Thursday September 6, 4pm, Building J12 room 538
Mark Girolami
Department of Mathematics, Imperial College London
Retail Planning in Future Cities: A stochastic formulation of a dynamical singly constrained spatial interaction model
One of the challenges of 21st-century science is to model the evolution of complex systems. One example of practical contemporary importance is urban structure, for which the dynamics may be described by a series of non-linear first-order ordinary differential equations. Whilst this approach provides a reasonable model of spatial interaction as are relevant in areas diverse as public health and urban retail structure, it is somewhat restrictive owing to uncertainties arising in the modelling process.
We seek to address these shortcomings by developing a dynamical singly constrained spatial interaction model, based on a system of nonlinear stochastic differential equations. The model is ergodic and the invariant distribution encodes our prior knowledge of spatio-temporal interactions. We proceed by performing inference and prediction in a Bayesian setting, and explore the resulting probability measures with a position-specific metropolis-adjusted Langevin algorithm. Insights from studies of interactions within the city of London from retail structure are used as illustration.

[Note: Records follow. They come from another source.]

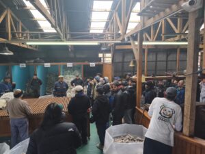 El encuentro culminó con una visita a la estancia “El Relincho”, donde los participantes conocieron en vivo el proceso productivo de la esquila, guiados por el personal de comparsa y el encargado del establecimiento. La jornada finalizó con un té y tortas fritas ofrecidos por los anfitriones.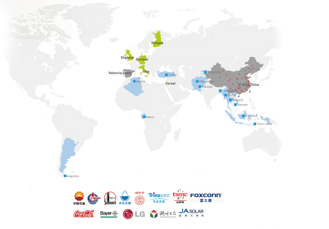 江華集團(tuán)業(yè)務(wù)涉及石油化工、重工業(yè)、冶金礦業(yè)、電力、制藥、新能源等各行業(yè),業(yè)務(wù)遍及全國各大城市,并已承接了20多個(gè)海外環(huán)保治理項(xiàng)目,遍及孟加拉、土耳其、俄羅斯緬甸等國,同時(shí)開發(fā)了越南、印度、泰國、斯里蘭卡等國際環(huán)保市場,長期與美國、法國芬蘭、瑞典、德國、日本、韓國、以色列等國外知名環(huán)保公司保持緊密合作關(guān)系。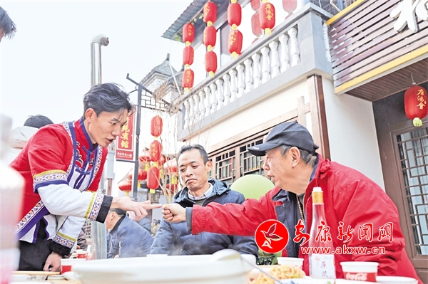 長街里的宴席上坐無缺席;一道道精美的庖湯佳肴陸續(xù)上場,席間,賓客們喝著美酒、品著美食、看著節(jié)目,歡聲笑語不斷。臺上的節(jié)目精彩紛呈,讓賓客們目不暇接,不時報以熱烈掌聲,充分展現(xiàn)了石泉縣深厚的文化底蘊(yùn)和獨(dú)特的民俗文化。不少外地游客慕名而來,帶著親友來到石泉,親身感受特色庖湯宴。豪邁的秦巴漢子激情劃拳喝酒,在場的游客市民都沉浸在新年的喜悅中,舉杯暢飲,現(xiàn)場熱鬧非凡,滿滿年味十里香飄……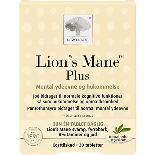 Lion’s Mane Plus Tabletter med svampeekstrakt, fyrrebark og vitaminer støtter kognitive funktioner og reducerer træthed.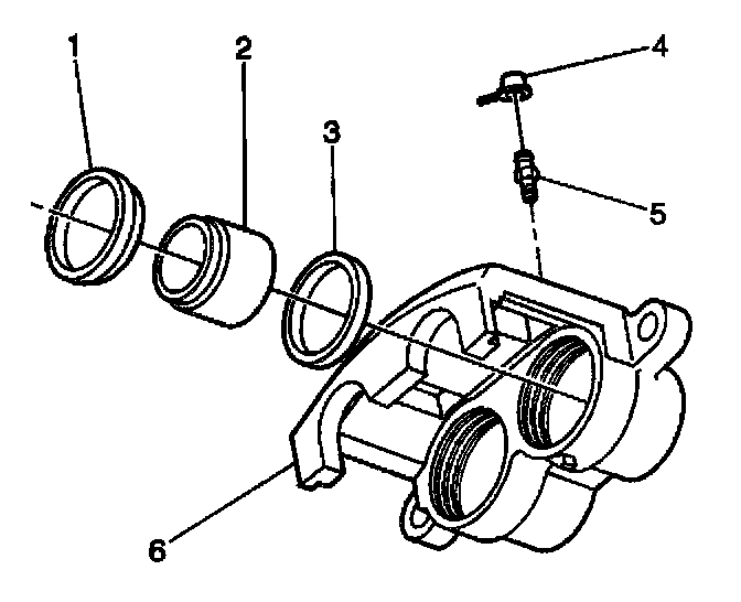 5. Remove the piston seals (3) from the caliper bores. Do not use a metal tool.
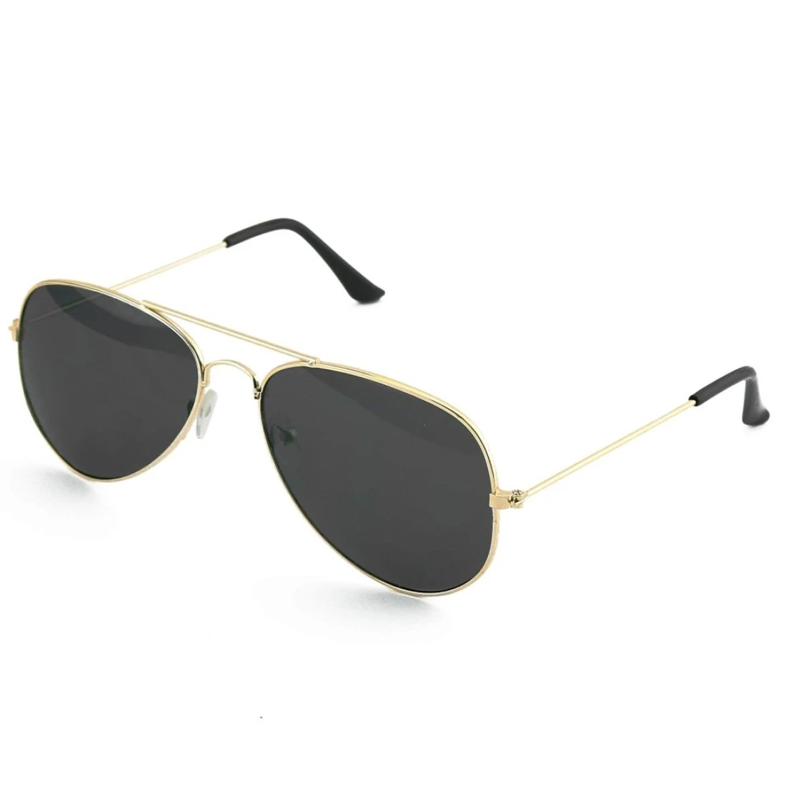 Skeleteen Black Gold Aviator Sunglasses - Military Style Dark Sun Glasses with Gold Metal Frame and UV 400 Protection
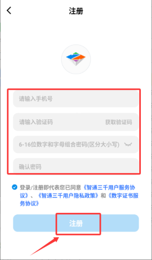 3、在注册页输入手机号验证码密码,勾选协议后注册。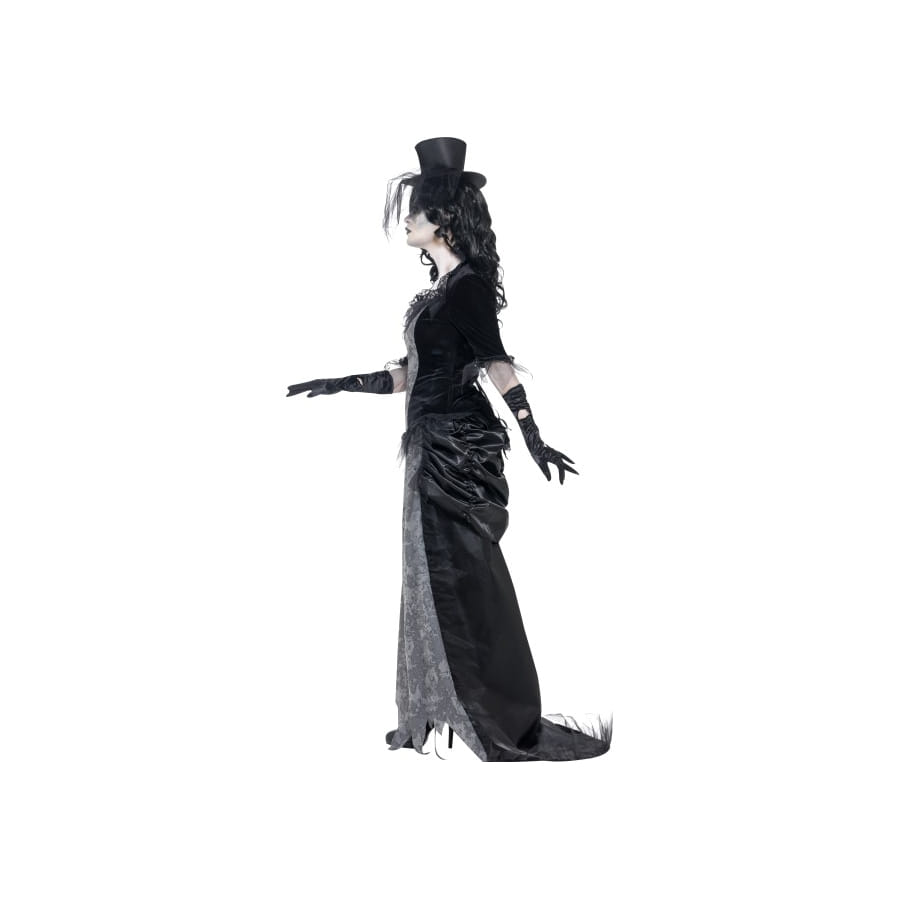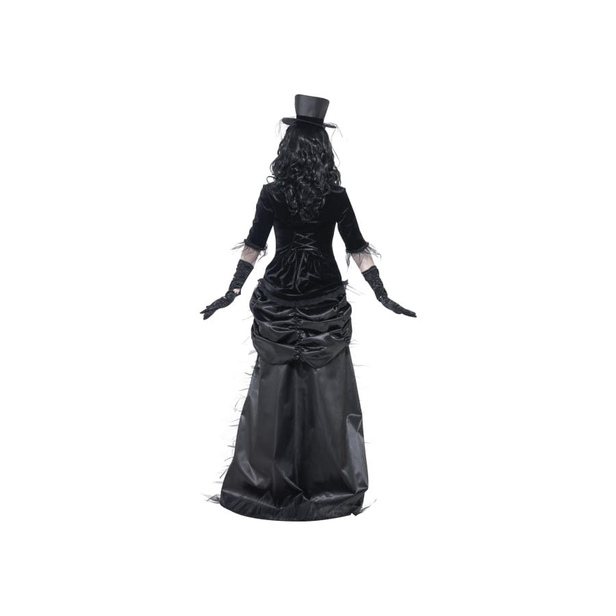 Ce déguisement de veuve noir fantôme vous pourrez le porter pour halloween ou encore une soirée sous le signe de l'horreur ou épouvante. Vous pourrez aussi le porter pour le carnaval. Il est composé d'un chapeau gris, d'un top noir et gris avec manche mi long, d'une jupe grise sur le devant et noir a l'arrière.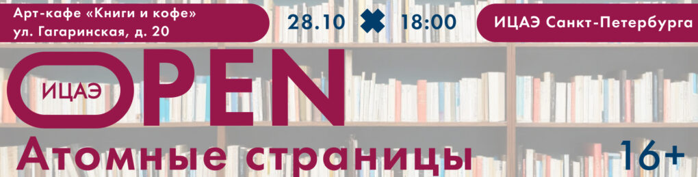 «ИЦАЭ OPEN: атомные страницы» состоится 28 октября, в арт-кафе «Книги и кофе», по адресу: ул. Гагаринская, д. 20. Начало в 18:00.

Joint work with Louis Ellam, Greg Pavliotis, and Sir Alan Wilson
Mark Girolami holds the Chair of Statistics within the Department of Mathematics at Imperial College London where he is also Professor of Computing Science in the Department of Computing. He is an adjunct Professor of Statistics at the University of Warwick and is Director of the Lloyd’s Register Foundation Programme on Data Centric Engineering at the Alan Turing Institute where he served as one of the original founding Executive Directors. He is an elected member of the Royal Society of Edinburgh and previously was awarded a Royal Society - Wolfson Research Merit Award. Professor Girolami has been an EPSRC Research Fellow continuously since 2007 and in 2018 he was awarded the Royal Academy of Engineering Research Chair in Data Centric Engineering. His research focuses on applications of mathematical and computational statistics.